HOGE RAAD DER NEDERLANDEN
BELASTINGKAMER
Nummer24/02101
Datum27 september 2024
ARREST
op het door [X] (hierna: belanghebbende) ingestelde beroep in cassatie tegen de uitspraak van de Rechtbank Noord-Nederland van 24 mei 2024, nr. LEE 23/4278 V, op het verzet van belanghebbende tegen een uitspraak van de Rechtbank van 9 februari 2024.

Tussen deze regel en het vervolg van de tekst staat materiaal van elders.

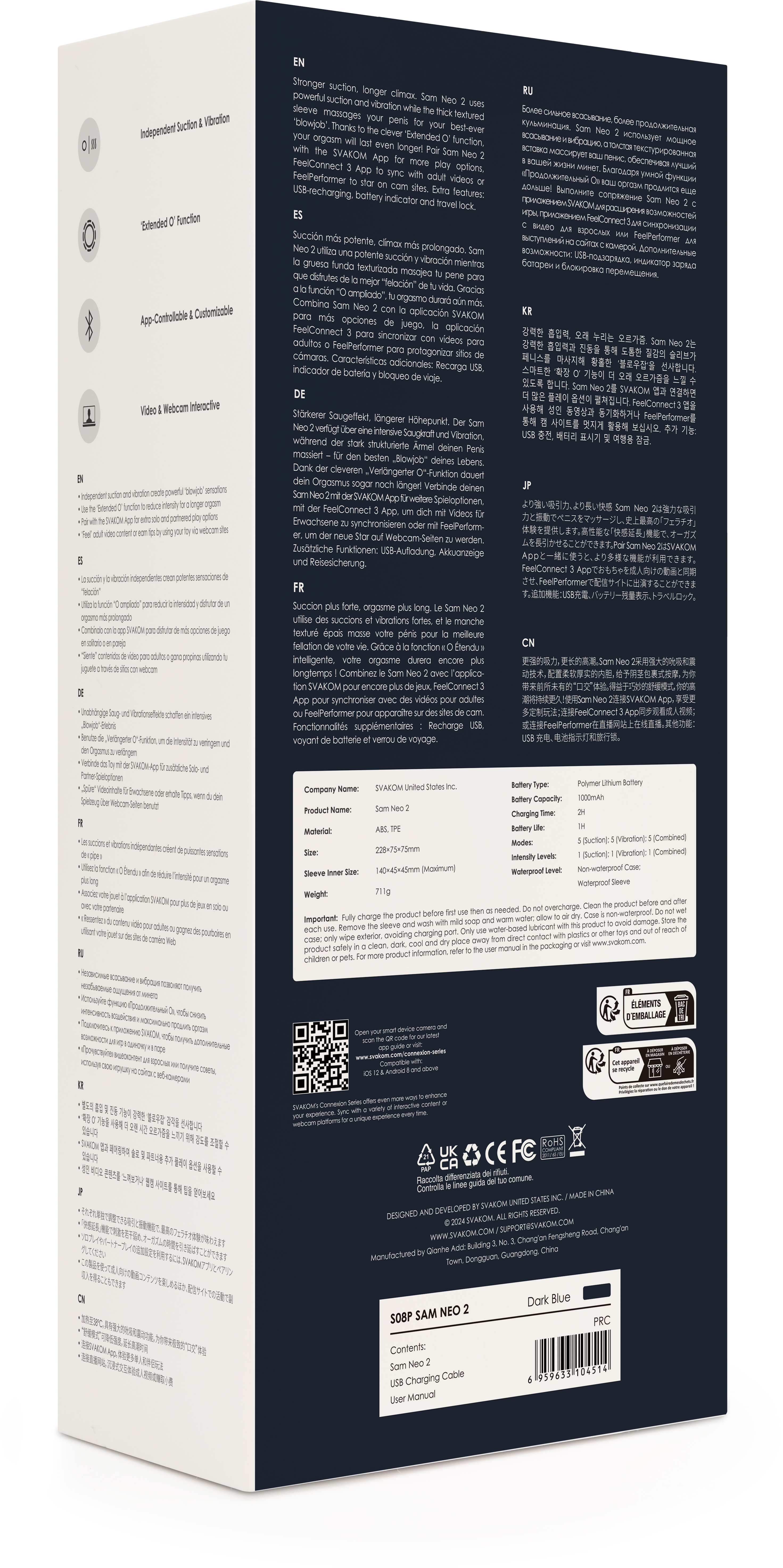 В коробке вы найдете мастурбатор Svakom Sam Neo 2, USB-кабель для зарядки, инструкцию по использованию и гарантию 12 месяцев — все необходимое для немедленного старта вашего пути к ярким эмоциям.

1.Beoordeling van de ontvankelijkheid van het beroep in cassatie

Op grond van artikel 78, lid 4, van de Wet op de rechterlijke organisatie neemt de Hoge Raad alleen kennis van het beroep in cassatie tegen uitspraken van de bestuursrechter voor zover dit bij wet is bepaald. Er is geen wettelijke bepaling die beroep in cassatie openstelt tegen een uitspraak van de Rechtbank als deze, die is gedaan op verzet tegen een met toepassing van artikel 8:54 Awb gedane uitspraak inzake de toepassing van de Participatiewet. Het beroep in cassatie moet daarom niet-ontvankelijk worden verklaard.

2.Proceskosten

De Hoge Raad ziet geen aanleiding voor een veroordeling in de proceskosten.

3.Beslissing

De Hoge Raad verklaart het beroep in cassatie niet-ontvankelijk.
Dit arrest is gewezen door de vice-president J.A.R. van Eijsden als voorzitter, en de raadsheren J. Wortel en A.E.H. van der Voort Maarschalk, in tegenwoordigheid van de waarnemend griffier F. Treuren, en in het openbaar uitgesproken op 27 september 2024.